For more details on Helm charts and templates, I recommend this linux.com article.

Create an Ingress resource for your application service

I copied the dashboard-ingress.yaml template file from the Traefik chart and customized it so as to refer to my application's web service, which is running in a Kubernetes namespace called tenant1.

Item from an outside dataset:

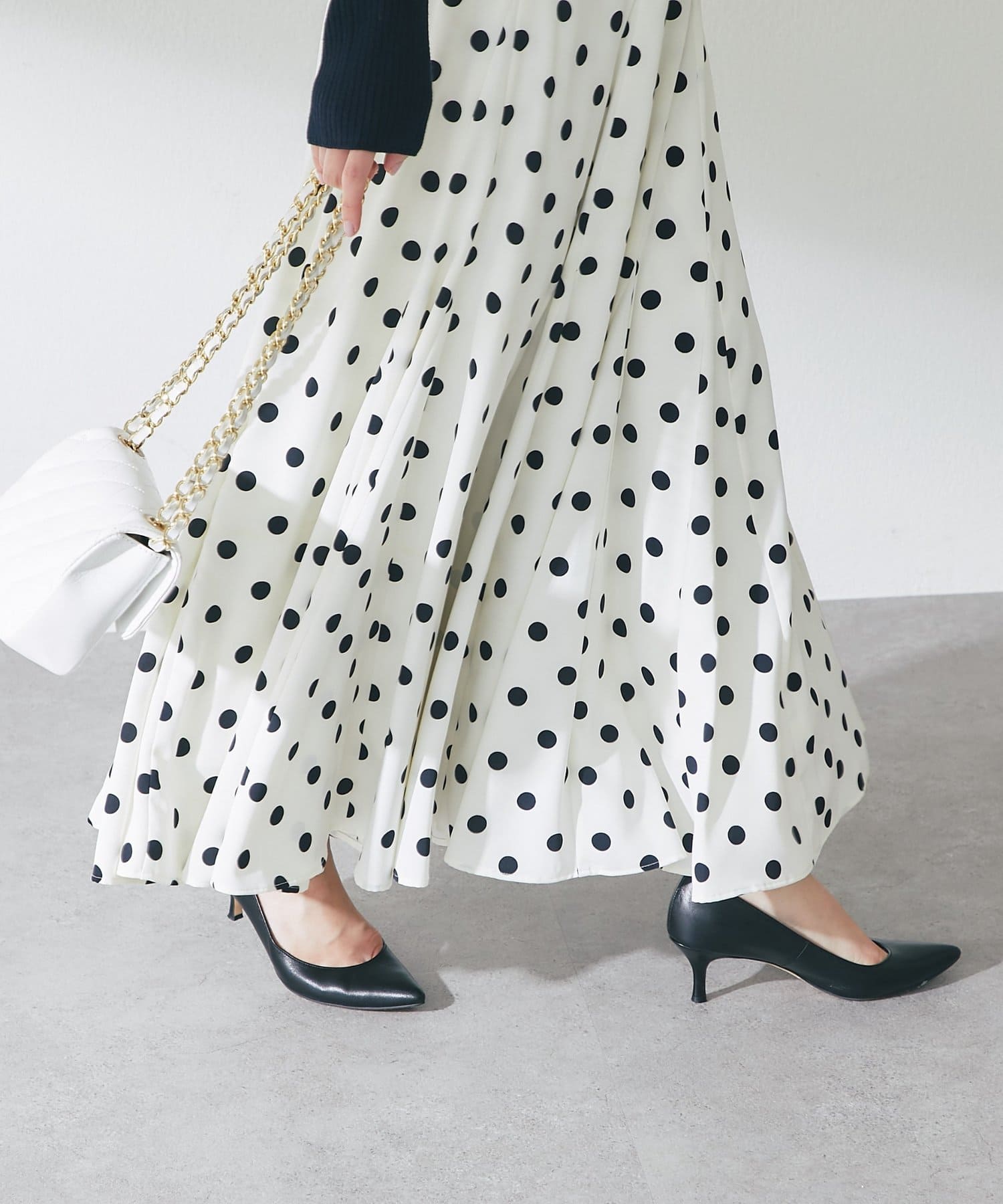 【3サイズ展開あり・リッチな揺れ感】ドットマチフレアスカート

# cd traefik-helm-chart/templates
# cp dashboard-ingress.yaml web-ingress.yaml
# cat web-ingress.yaml
{{- if .Values.tenant1.enabled }}
apiVersion: extensions/v1beta1
kind: Ingress
metadata:
 namespace: {{ .Values.tenant1.namespace }}
 name: {{ template "fullname" . }}-web-ingress
 labels:
   app: {{ template "fullname" . }}
   chart: "{{ .Chart.Name }}-{{ .Chart.Version }}"
   release: "{{ .Release.Name }}"
   heritage: "{{ .Release.Service }}"
spec:
 rules:
 - host: {{ .Values.tenant1.domain }}
   http:
     paths:
     - path: /
       backend:
         serviceName: {{ .Values.tenant1.serviceName }}
         servicePort: {{ .Values.tenant1.servicePort }}
{{- end }}

The variables referenced in the template above are defined in the values.yaml file in the Helm chart. I started with the variables in the values.yaml file that came with the Traefik chart and added my own customizations:

# vi traefik-helm-chart/values.yaml
ssl:
 enabled: true
acme:
 enabled: true
 email: admin@mydomain.com
 staging: false
 # Save ACME certs to a persistent volume. WARNING: If you do not do this, you will re-request
 # certs every time a pod (re-)starts and you WILL be rate limited!
 persistence:
   enabled: true
   storageClass: kubernetes.io/aws-ebs
   accessMode: ReadWriteOnce
   size: 1Gi
dashboard:
 enabled: true
 domain: tenant1-lb.dev.mydomain.com
gzip:
 enabled: false
tenant1:
 enabled: true
 namespace: tenant1
 domain: tenant1.dev.mydomain.com
 serviceName: web
 servicePort: http

Note that I added a section called tenant1, where I defined the variables referenced in the web-ingress.yaml template above. I also enabled the ssl and acme sections, so that Traefik can automatically install SSL certificates from Let's Encrypt via the ACME protocol.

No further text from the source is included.